**Your goal:**
Leaving out every picture, copy the lines of the material below exactly, from the line containing "The contract for" through the line containing "โดรนกามิกาเซ่ของเมียนมา ติดกระบอกแก๊ส คาดเป็นหัวระเบิด".
*** Opening Input for this task ***
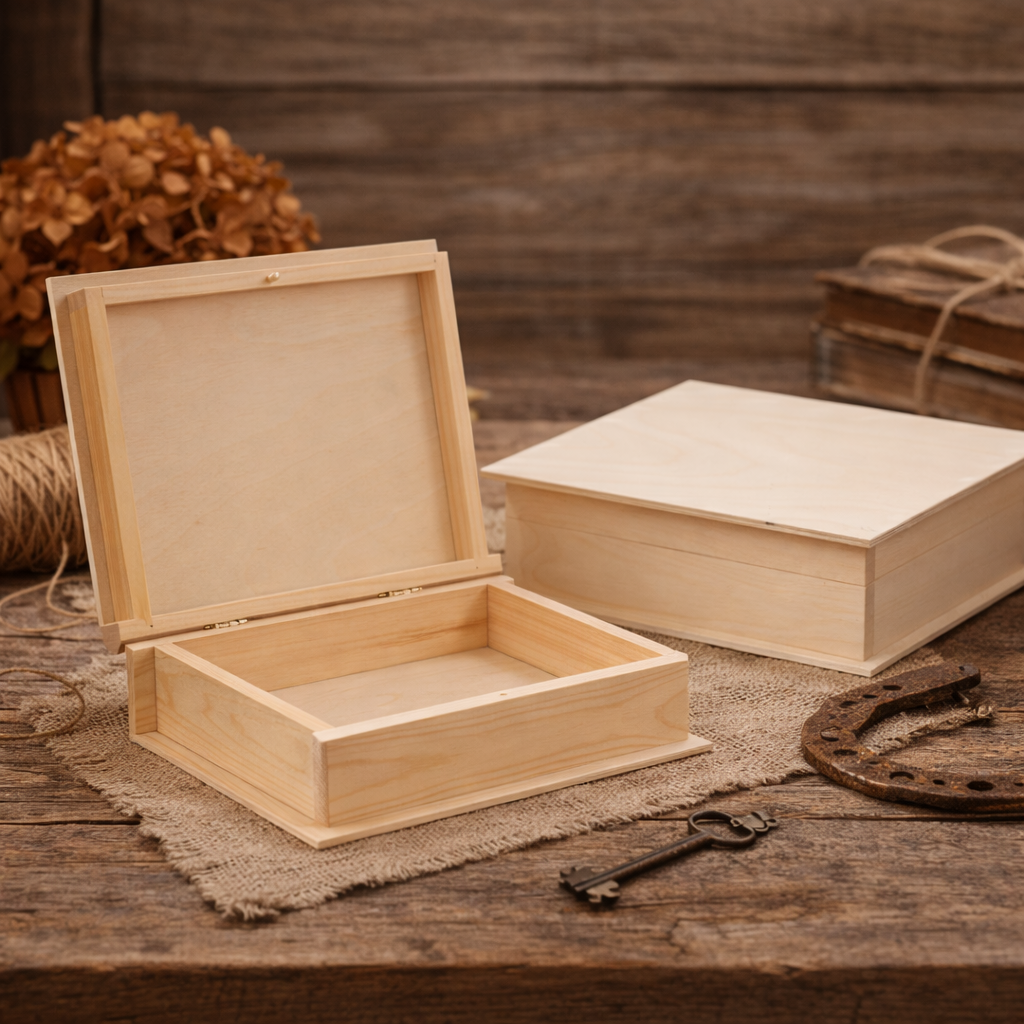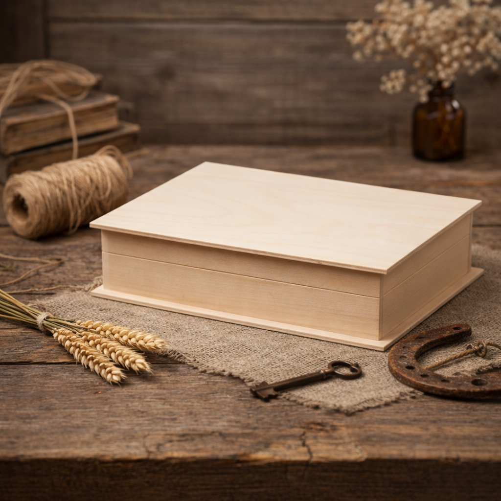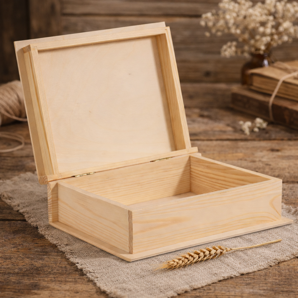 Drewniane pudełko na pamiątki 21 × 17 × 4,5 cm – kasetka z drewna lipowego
*** Closing Input for this task ***
*** Opening Input for this task ***
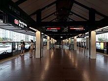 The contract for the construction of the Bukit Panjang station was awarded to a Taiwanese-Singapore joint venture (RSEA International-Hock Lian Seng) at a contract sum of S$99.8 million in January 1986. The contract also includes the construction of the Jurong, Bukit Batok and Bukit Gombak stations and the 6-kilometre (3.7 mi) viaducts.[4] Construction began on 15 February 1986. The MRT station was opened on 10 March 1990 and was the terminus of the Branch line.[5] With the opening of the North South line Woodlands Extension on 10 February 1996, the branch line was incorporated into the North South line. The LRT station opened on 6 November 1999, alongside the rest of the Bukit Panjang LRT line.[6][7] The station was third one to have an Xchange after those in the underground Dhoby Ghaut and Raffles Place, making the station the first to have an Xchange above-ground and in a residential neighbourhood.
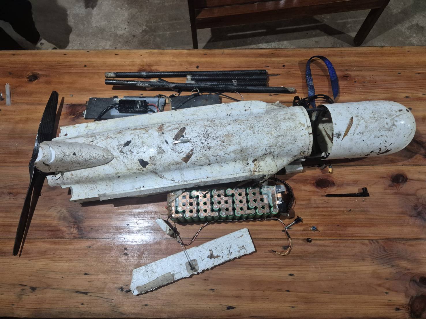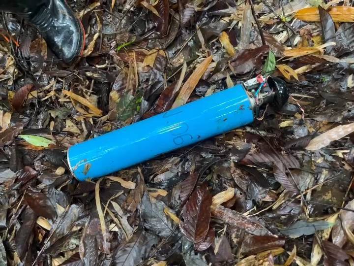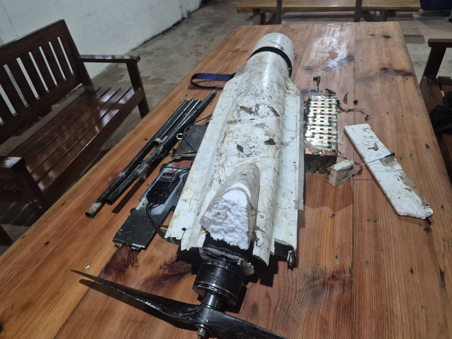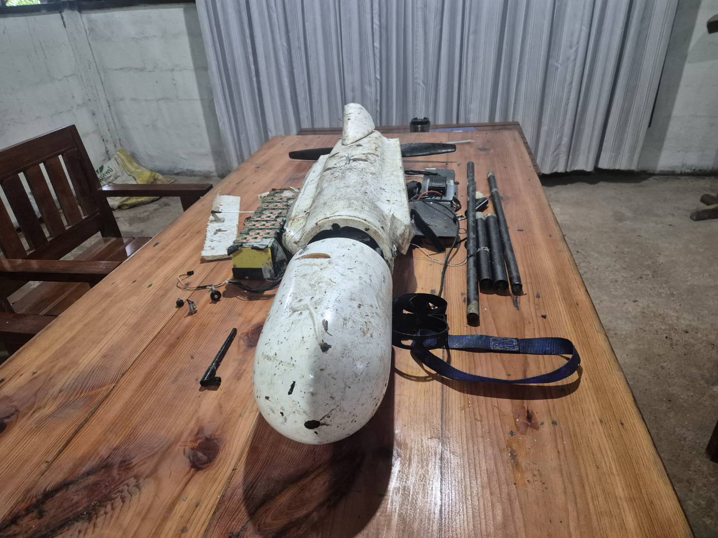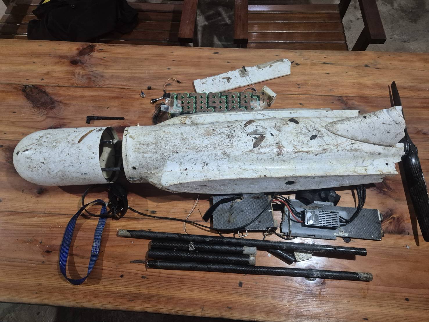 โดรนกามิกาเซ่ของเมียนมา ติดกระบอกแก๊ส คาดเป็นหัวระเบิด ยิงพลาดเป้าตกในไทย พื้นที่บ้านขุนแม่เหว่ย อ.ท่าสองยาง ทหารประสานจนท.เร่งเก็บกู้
*** Closing Input for this task ***
**Output for this exercise:**
 The contract for the construction of the Bukit Panjang station was awarded to a Taiwanese-Singapore joint venture (RSEA International-Hock Lian Seng) at a contract sum of S$99.8 million in January 1986. The contract also includes the construction of the Jurong, Bukit Batok and Bukit Gombak stations and the 6-kilometre (3.7 mi) viaducts.[4] Construction began on 15 February 1986. The MRT station was opened on 10 March 1990 and was the terminus of the Branch line.[5] With the opening of the North South line Woodlands Extension on 10 February 1996, the branch line was incorporated into the North South line. The LRT station opened on 6 November 1999, alongside the rest of the Bukit Panjang LRT line.[6][7] The station was third one to have an Xchange after those in the underground Dhoby Ghaut and Raffles Place, making the station the first to have an Xchange above-ground and in a residential neighbourhood.
 โดรนกามิกาเซ่ของเมียนมา ติดกระบอกแก๊ส คาดเป็นหัวระเบิด ยิงพลาดเป้าตกในไทย พื้นที่บ้านขุนแม่เหว่ย อ.ท่าสองยาง ทหารประสานจนท.เร่งเก็บกู้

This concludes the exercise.